Data-driven stories to monitor the Government’s strategy in response to the pandemic
Organisation: LA NACION
Organisation size: Big
Publication date: 19 May 2020
Credit: Fabiola Czubaj, Gabriela Bouret, Gabriel Alonso Quiroga, Pablo Arellano, Mariana Trigo Viera, Nicolas Rivera, Delfina Arambillet.
Given the context of a pandemic and the lack of culture of transparency in Argentina, we proposed to monitor the sanitary strategy and evaluate que quality of public data. This was a hard task since several government sources coexist with information the data of which do not agree. Multiple pieces were prepared from the analysis of said information evidencing contradictions between data and official discourse, which obliged the Government to make some changes on its strategy. The lack of tests, the precarious epidemiologic surveillance system and several problems to give real-time answers were some of the results.
Based on our data analysis and journalistic productions, we included the discussion about data quality and their accessibility in the public agenda. Moreover, we created pieces every day to monitor sanitary decisions of the National Government. Thus, for example, as regards “What are the most common symptoms of the Argentinians infected?”, this story caused a concrete change in the management of pandemic: the Ministry of Health changed the definition for suspicious case and included four of the eight more frequent symptoms in order that people may access to a test and subsequent diagnose. We also noted inconsistencies between public data and official discourse, such as the differences in the test volumes in the two national jurisdictions with higher number of cases. Moreover, we found mistakes in the data provided by the epidemiologic surveillance national system: entries are deleted from the public access database and there are inconsistencies in the changes of status of the same patient. This leads to a decrease in a number of positive cases informed to citizens and to international agencies.
In addition, all these pieces activated the demand for public information and made possible a discussion about new problems that otherwise would not have happened, since information was not easily accessed by citizens.
it was used Python, BigQuery, Excel and SQL for the analysis and data process. From the moment the Government began publishing the dataset with Covid cases informed, it was created a program in Python that scraps the files and stores them in a database every day. As from June 2020, we have been storing 180 files, with an average of 2.5 million entries each. Then, different queries are carried out in SQL every day to monitor certain patterns. Almost all of the analysis for the journalistic pieces presented was made under this logic.
In order to carry out a more complete monitoring of the data provided by the Government, we had to research new technologies as BigQuery, where we archived all files on the same table to determine any delay in the uploading of cases and number of entries deleted every day. There are two automatized processes: scrapping and the upload of all files on the same table and the running of queries for their subsequent visualization.
In addition, a more detailed preprocess was made for the pieces about symptoms and laboratories, since data given after access requests to public information were duplicated, wrongly structured and badly spelled. Open Refine tool was used for this process and a manual clean-up of files was carried out as well. As regards data analysis, data were structured on an Excel matrix to determine que frequency in symptom incidence and the number of laboratories that processed samples every day.
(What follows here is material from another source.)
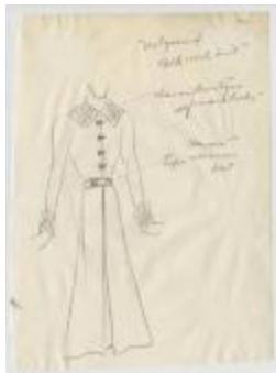
Black Wool Suit with Chamois Fur Collar and Sleeve Cuffs (KA0039_V8p74-003)

Tableau Public tool was used to visualize data in all these pieces.
What was the hardest part of this project?
For several months, we did not have any open format or real-time information of the pandemic, so we did more than 10 requests for information access (with a minimum delay of 20 days) to access these data, vital for the follow-up of the pandemic and the Government did not give us that access.
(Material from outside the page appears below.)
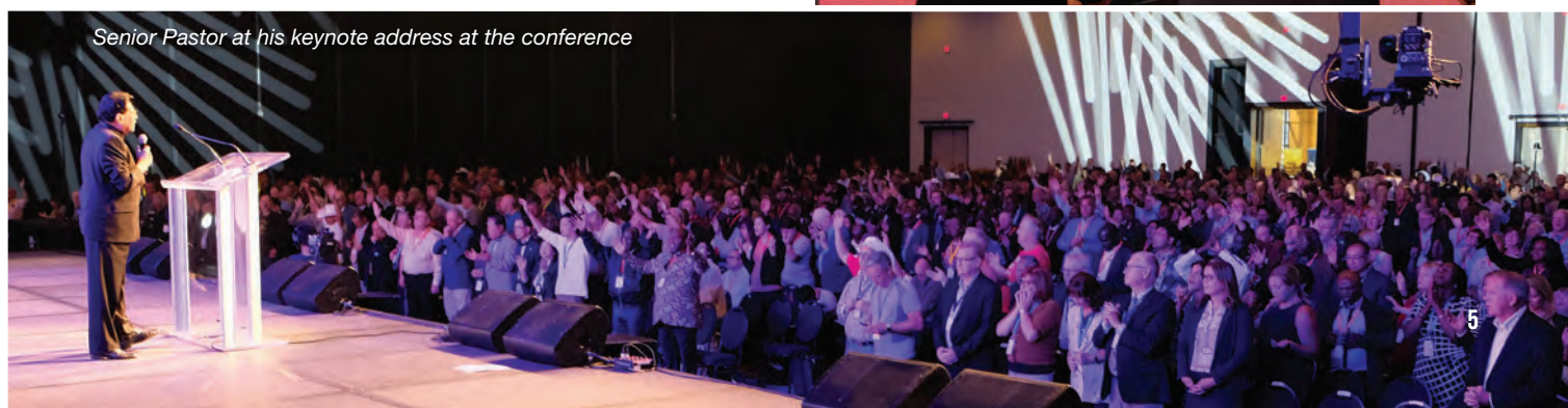
Senior Pastor at his keynote address at the conference

In all cases, we found other obstacles that delayed the process when we received the answers. Data provided had serious quality problems: unstructured data, duplicated, spelling mistakes and out-of-date data.
Consequently, at the end of all this process, the out-of-date was evident and obliged us to make a new request of access to information to publish a story with a more updated analysis.
We also had to train ourselves to acquire the necessary skills to understand and analyze health data related to the pandemic. This expertise took time, but also requires flexibility to translate the complexity that arises from national figures into relevant stories for our readers.
What can others learn from this project?
One of the most important aspects that we learned from this project entailed going further concerning data provided by a government, that is to say, examine their quality and use them to monitor public discourses and policies that may hide political interests beyond the public needs. We are also convinced that is fundamental the demand for public information and the work with multiple sources of information; we learned that if any government refuses to give us data, there are other alternative sources where unstructured official information may be collected and reconstructed, such as social media official accounts.
Moreover, we had the cooperation and synergy of the newspaper teams with different skills, who used to work separately. For example, the Business Intelligence area together with the data journalist team working with the health area to process huge information volumes.
The advance of the pandemic and the increase of data complexity and volume defy the team skills: persons with few technical knowledge learned different technology (such as SQL) and those persons who regularly work on data analysis face new challenges to accelerate their processes to agree with demand of information flow.